(Data items)
:::
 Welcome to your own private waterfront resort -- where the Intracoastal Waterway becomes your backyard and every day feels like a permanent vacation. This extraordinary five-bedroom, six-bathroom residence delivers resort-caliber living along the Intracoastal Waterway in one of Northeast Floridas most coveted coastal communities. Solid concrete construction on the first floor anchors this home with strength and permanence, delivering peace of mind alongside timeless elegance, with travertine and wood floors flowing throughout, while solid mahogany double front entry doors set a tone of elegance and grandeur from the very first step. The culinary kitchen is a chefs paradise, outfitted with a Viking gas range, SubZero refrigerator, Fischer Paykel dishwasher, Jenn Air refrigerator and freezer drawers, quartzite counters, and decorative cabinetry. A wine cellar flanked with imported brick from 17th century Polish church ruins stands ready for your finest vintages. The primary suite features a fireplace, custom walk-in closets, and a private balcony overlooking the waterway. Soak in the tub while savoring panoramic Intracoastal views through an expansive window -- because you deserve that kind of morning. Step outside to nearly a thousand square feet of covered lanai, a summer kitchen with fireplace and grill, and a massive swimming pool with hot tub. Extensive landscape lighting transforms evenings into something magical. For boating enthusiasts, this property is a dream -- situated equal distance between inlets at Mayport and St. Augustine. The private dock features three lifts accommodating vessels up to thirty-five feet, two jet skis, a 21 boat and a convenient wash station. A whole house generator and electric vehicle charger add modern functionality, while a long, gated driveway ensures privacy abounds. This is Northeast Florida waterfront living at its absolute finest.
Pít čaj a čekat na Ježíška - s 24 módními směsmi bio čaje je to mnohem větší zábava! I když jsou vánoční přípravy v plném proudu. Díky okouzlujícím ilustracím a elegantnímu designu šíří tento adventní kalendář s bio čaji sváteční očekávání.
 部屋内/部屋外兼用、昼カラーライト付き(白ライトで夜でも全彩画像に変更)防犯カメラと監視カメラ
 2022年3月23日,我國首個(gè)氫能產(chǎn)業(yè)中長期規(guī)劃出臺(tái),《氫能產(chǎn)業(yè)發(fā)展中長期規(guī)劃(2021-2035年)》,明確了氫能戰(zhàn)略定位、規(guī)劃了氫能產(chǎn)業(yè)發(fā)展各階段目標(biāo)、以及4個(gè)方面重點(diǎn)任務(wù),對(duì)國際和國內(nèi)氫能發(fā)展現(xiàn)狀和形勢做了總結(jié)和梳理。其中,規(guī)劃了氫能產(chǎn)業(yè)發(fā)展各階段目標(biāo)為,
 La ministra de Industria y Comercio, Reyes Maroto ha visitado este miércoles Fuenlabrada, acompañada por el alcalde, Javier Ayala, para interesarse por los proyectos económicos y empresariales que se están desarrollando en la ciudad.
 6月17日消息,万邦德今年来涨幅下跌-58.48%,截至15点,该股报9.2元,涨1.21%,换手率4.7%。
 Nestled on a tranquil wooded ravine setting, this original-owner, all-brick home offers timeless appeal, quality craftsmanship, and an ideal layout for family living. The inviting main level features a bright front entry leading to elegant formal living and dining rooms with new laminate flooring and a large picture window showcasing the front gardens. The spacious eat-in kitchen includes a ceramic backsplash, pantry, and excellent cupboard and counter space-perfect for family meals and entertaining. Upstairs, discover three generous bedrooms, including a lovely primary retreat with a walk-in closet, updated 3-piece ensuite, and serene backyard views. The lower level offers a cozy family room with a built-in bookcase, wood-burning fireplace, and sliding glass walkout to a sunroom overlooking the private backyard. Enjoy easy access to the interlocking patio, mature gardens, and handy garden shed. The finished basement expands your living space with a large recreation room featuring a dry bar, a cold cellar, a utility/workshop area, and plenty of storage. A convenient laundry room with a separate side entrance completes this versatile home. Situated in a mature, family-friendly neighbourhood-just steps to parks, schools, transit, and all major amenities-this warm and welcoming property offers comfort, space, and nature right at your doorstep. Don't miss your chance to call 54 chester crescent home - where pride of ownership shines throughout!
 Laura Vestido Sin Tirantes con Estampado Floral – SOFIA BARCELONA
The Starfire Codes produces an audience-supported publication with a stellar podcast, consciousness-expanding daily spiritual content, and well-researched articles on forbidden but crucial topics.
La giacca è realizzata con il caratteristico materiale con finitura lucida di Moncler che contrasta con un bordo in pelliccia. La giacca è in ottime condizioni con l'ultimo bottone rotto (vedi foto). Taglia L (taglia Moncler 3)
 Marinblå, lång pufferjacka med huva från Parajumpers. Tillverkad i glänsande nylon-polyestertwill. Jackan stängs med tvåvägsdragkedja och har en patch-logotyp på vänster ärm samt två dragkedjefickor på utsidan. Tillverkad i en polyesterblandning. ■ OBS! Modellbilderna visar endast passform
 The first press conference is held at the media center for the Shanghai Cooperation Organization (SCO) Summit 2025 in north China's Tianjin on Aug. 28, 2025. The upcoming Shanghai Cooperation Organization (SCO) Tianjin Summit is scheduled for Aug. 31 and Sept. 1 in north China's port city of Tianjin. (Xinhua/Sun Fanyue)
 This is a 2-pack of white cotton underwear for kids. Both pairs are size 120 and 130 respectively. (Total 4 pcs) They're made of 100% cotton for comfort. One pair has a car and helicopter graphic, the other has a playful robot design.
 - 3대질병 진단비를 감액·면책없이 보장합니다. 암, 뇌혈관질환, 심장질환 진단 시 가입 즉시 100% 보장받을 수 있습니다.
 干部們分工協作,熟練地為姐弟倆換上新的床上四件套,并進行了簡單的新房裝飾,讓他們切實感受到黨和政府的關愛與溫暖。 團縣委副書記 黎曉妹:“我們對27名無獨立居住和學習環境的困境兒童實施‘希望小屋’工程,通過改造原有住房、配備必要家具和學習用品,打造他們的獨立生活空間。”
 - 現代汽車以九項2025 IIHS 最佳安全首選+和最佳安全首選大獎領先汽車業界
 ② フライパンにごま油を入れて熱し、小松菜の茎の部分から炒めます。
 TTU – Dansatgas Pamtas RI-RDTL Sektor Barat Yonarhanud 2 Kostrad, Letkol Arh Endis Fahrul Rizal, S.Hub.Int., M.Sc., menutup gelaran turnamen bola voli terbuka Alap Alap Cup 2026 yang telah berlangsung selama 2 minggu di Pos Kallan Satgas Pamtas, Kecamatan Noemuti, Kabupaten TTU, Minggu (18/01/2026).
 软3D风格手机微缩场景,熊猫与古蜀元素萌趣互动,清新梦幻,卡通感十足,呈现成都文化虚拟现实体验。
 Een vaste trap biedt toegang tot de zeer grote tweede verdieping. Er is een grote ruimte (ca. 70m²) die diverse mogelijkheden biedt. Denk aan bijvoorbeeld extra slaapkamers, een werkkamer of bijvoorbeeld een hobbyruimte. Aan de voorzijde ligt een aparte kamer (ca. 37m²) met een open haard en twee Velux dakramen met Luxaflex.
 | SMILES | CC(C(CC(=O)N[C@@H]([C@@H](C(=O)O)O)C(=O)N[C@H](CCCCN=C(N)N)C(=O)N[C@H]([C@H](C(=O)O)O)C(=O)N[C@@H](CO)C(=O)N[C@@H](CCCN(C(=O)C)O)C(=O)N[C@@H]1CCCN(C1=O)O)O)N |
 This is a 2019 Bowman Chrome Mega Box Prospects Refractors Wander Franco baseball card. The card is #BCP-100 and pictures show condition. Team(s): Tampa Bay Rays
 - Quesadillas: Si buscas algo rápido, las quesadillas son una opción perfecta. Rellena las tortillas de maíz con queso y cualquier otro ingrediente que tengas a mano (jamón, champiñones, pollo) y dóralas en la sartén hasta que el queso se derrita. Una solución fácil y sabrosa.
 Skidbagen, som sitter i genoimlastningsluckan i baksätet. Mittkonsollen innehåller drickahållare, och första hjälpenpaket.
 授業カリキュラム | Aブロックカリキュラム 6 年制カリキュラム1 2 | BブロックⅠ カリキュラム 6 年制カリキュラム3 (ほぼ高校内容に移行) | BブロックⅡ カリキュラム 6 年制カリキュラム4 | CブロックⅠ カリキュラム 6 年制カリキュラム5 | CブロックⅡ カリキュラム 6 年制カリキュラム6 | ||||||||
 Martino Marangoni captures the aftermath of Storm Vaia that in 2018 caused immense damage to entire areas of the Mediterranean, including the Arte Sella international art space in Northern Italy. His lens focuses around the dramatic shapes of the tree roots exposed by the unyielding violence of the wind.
:::
Problem: Copy, exactly and only, the lines above that begin with the one containing "Laura Vestido Sin" and finish with the one containing "The Starfire Codes".

Written reply:
 Laura Vestido Sin Tirantes con Estampado Floral – SOFIA BARCELONA
The Starfire Codes produces an audience-supported publication with a stellar podcast, consciousness-expanding daily spiritual content, and well-researched articles on forbidden but crucial topics.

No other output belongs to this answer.